Das mittlere Vermögen bezeichnet den
Betrag, bei dem genau die Hälfte der Haushalte eines Landes mehr besitzt und die
andere Hälfte weniger. Statistiker halten
diesen Wert für genauer als Durchschnitte, weil es den Durchschnitt nach oben
treibt, wenn ein Land sehr viele Reiche
hat. In der Bundesrepublik klafft das Vermögen von Armen und Reichen nach Angaben des Deutschen Instituts für Wirtschaftsforschung so stark auseinander
wie nirgends sonst in der Euro-Zone. Es
gibt viele Firmen in Familienbesitz. Die
reichsten zehn Prozent der Deutschen vereinen mehr als 60 Prozent des ganzen Vermögens auf sich. Betrachtet man bei der
EZB-Studie die Durchschnitte, fällt die
Bilanz der Deutschen besser aus. Sie liegen dennoch hinter Italienern, Franzosen,
Spaniern und vielen kleinen Nationen.
Eine Erklärung für das geringe Vermögen der Deutschen ist ihre Geldanlage.

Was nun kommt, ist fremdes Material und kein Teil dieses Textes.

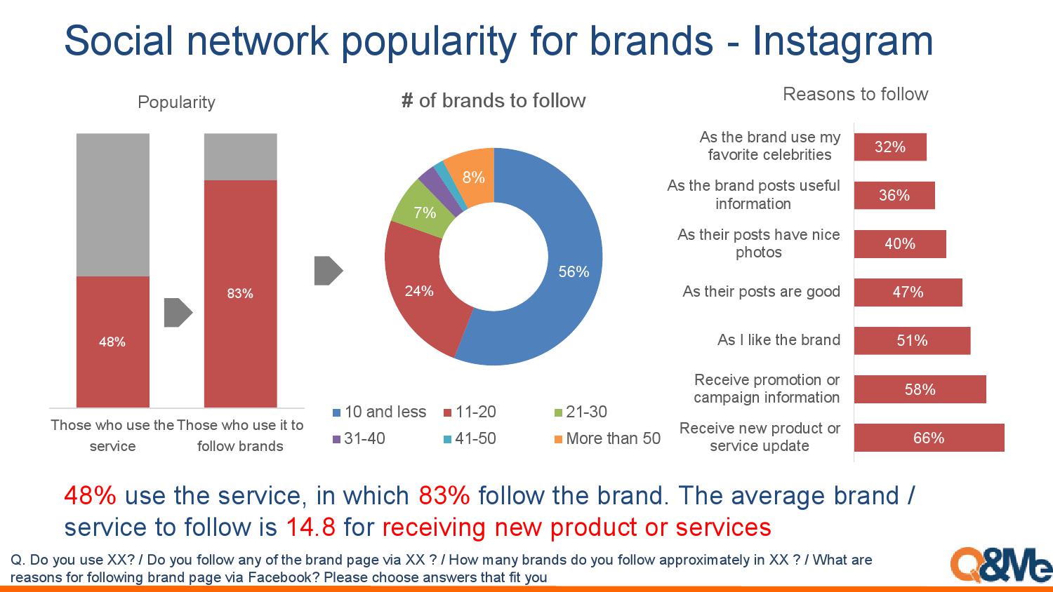 其中48%的人使用Instagram,83%的人关注Instagram的新动态。66%的用户使用Instagram的原因是为了接收新产品或服务的更新;58%的用户是为了接收促销或活动信息,51%的用户因为就是喜欢这个Instagram这个平台,还有一部分用户是因为喜欢Instagram的帖子,或者是因为自己喜欢的名人明星也使用Instagram。
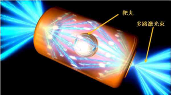 所谓激光惯性约束,指的是不对聚变燃料进行外力(如磁力)约束。利用高能激光去轰击燃料来产生高温高压环境,静止的燃料由于惯性来不及散开,处在这种极端环境下,聚变反应由此发生。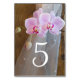 Add a touch of charm to your ranch style bridal shower or marriage reception with the casual yet classy Rustic Orchid Elegance Country Barn Wedding Table Numbers. This informal and elegant design features a quaint floral photograph of pink phalaenopsis orchid flower blossoms on the stem with a white bridal veil with a brown weathered barn wood background.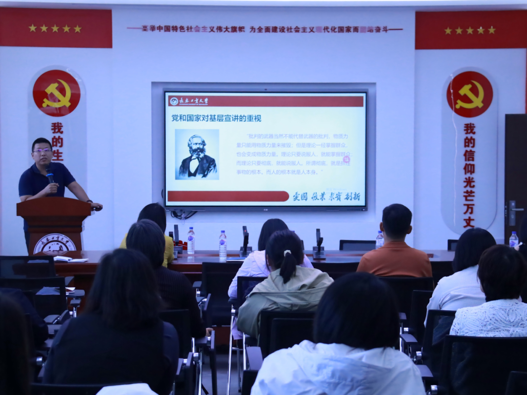 楚洪涛老师汇报了暑期参加中宣部全国基层宣讲骨干培训和复旦大学高校思政教师培训的收获。他结合培训内容与实践案例,分享了在基层宣讲内容设计、形式创新与实效提升方面的思考,并介绍了复旦大学在思政课改革创新、教师能力提升及校园文化融合上的经验做法,为公司进一步推进基层宣讲创新、教师队伍建设和思政教育发展提供了有益借鉴。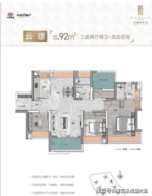 七、户型设计特色解析:72㎡三房两卫+92%实用率,定义刚需新标准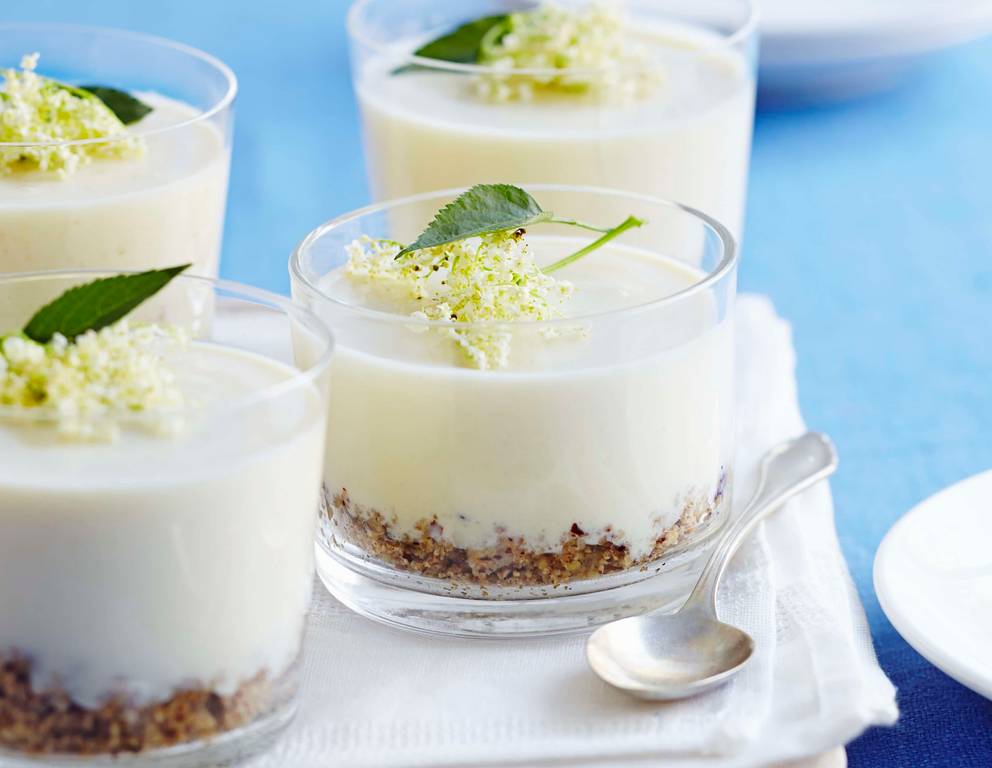 - Holunder-Cheesecakes zum Servieren mit Holunderblüten garnieren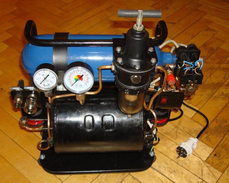 Для различных работ в помещениях с ограниченной площадью наиболее приемлемым вариантом является агрегат на 220 В, монтируемый самостоятельно. Преимуществом таких электрокомпрессоров является низкий уровень шума.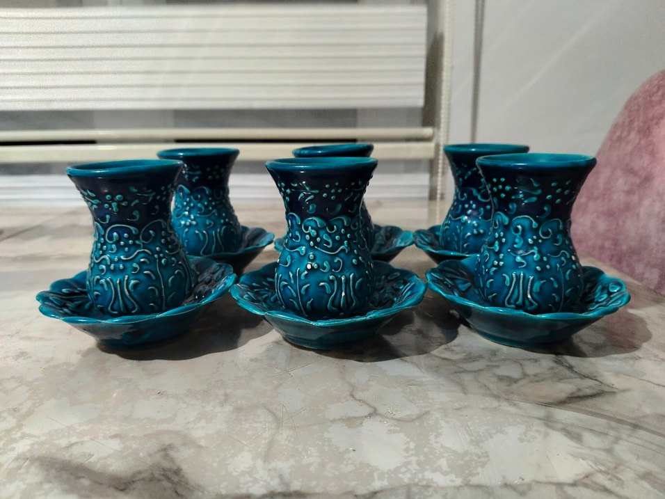 El işlemeli desenlere sahip koyu turkuaz kahve fincanları ve tabaklarından oluşan set, geleneksel kahve sunumu için uygundur. ☕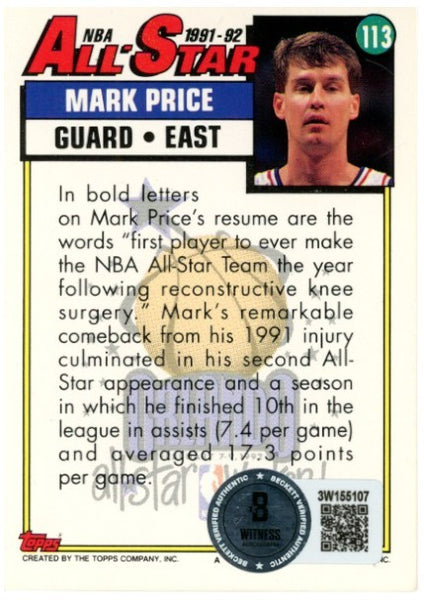 The number in the listing title is just an inventory sku for our records and is not the authentication number. The item pictured is the exact image you will receive, please see photos for condition. This is a Cleveland Cavaliers 1992-1993 Topps #113 Trading Card that was personally autographed by Mark Price. Includes a certificate of authenticity from Beckett Authentication Services (BAS) and Denver Autographs. FREE SHIPPING within the USA on orders over $10!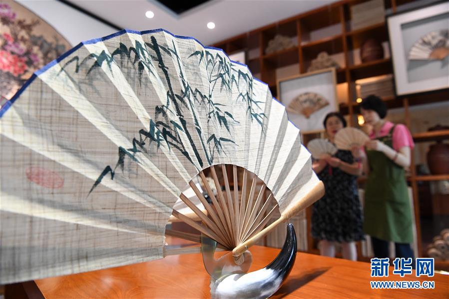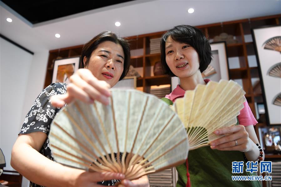 6月12日,非遺傳承人馬仁芬(左)與馬琳沁在探討夏布折扇的創(chuàng)新設(shè)計(jì)。新華社記者 唐奕 攝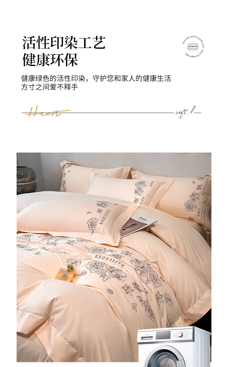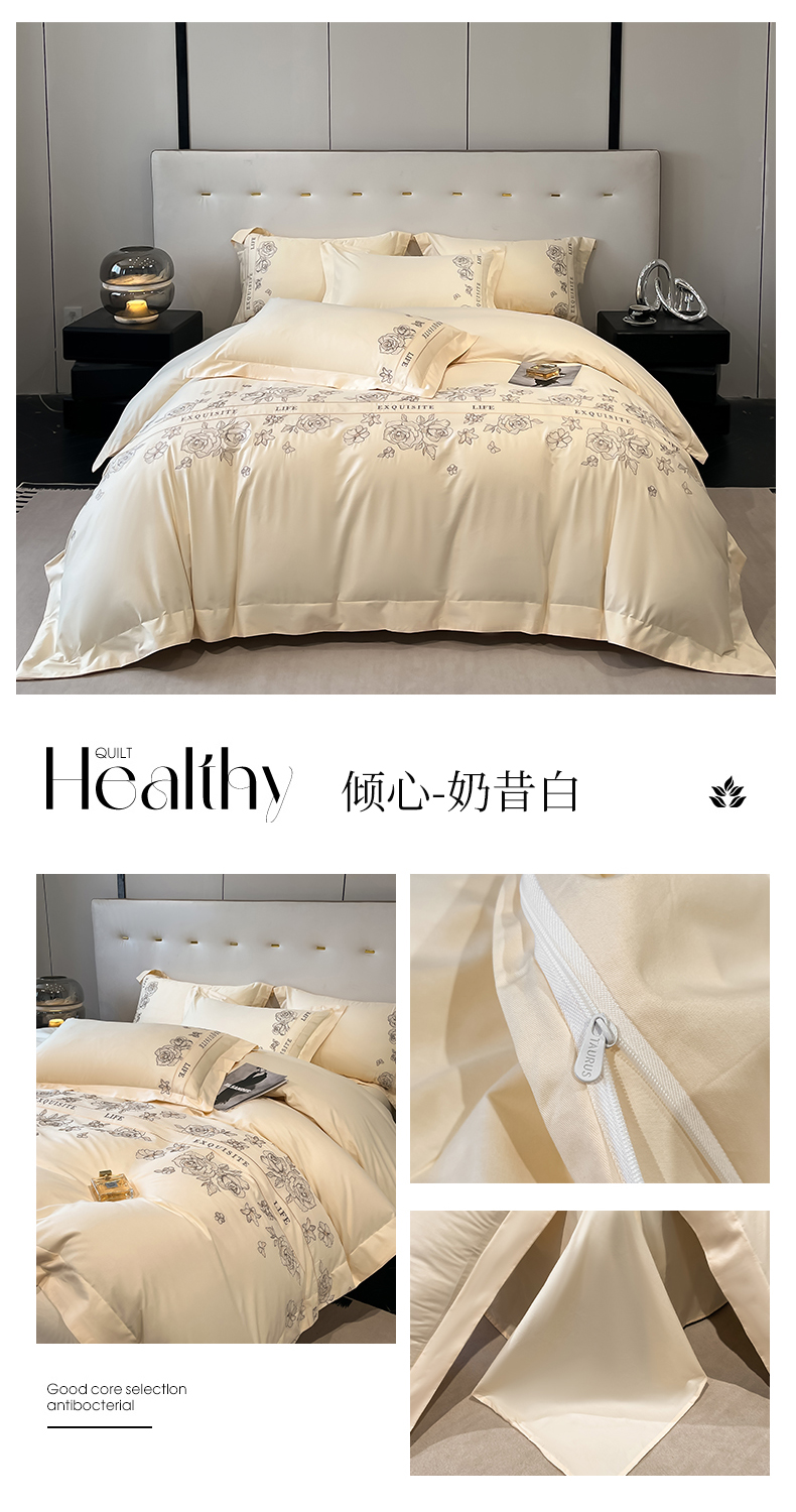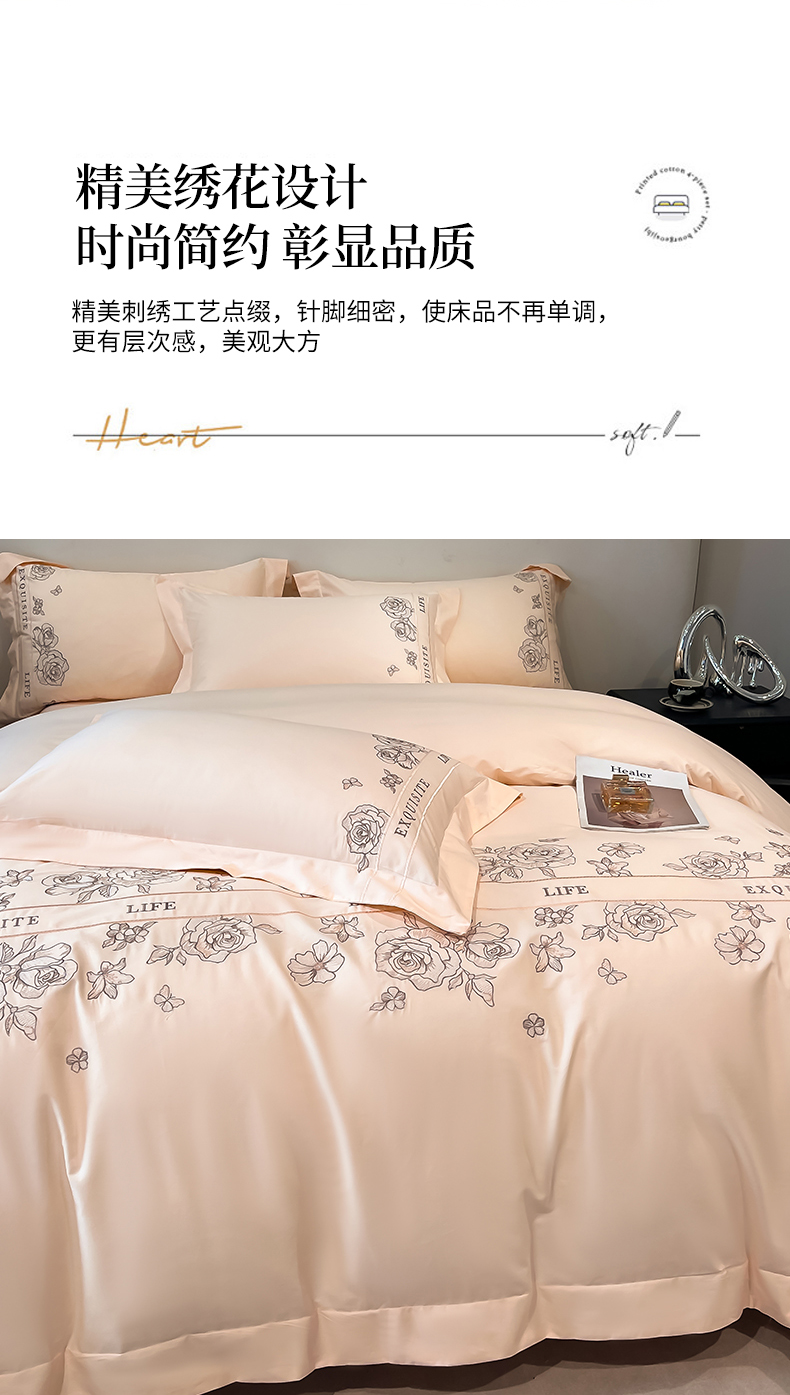 商品名称:(总)金牛座家纺 2025新款长绒棉全棉刺绣四件套-倾心系列(配高档礼盒)

Nur jeder zehnte besitzt Aktien, aber die
Mehrheit Lebensversicherungen oder
Sparkonten, die oft kaum Gewinn abwerfen. Außerdem wohnen nur etwa 40 Prozent im eigenen Haus. Dagegen besitzen
70 bis 80 Prozent der Italiener und Spanier Immobilien, die einst günstig erworben
wurden und zum Teil erhebliche Wertsteigerungen erfahren haben. Auch geringer
Verdienst erklärt die Unterschiede. Laut
Sachverständigenrat der Bundesregierung bilden Haushalte unter 2000 Euro
Nettoeinkommen im Schnitt gar kein Vermögen. Sie verschulden sich.
Die EZB-Studie ist auch deshalb brisant, weil Deutschland und andere EuroPartnerstaaten wie Griechenland, Spanien, Portugal und Zypern mit Milliardenkrediten vor der Pleite gerettet haben.
Bundeskanzlerin Angela Merkel argumentierte nach der ersten Studie 2013, andere
Nationen seien reicher, doch die Rentenansprüche würden nicht berücksichtigt.
Nach damaligen Daten der OECD war die
Rente im Vergleich zum Lohn allerdings
in Deutschland nicht höher als in Südeuropa. Dafür arbeiteten die Deutschen länger
als Italiener, Spanier oder Griechen.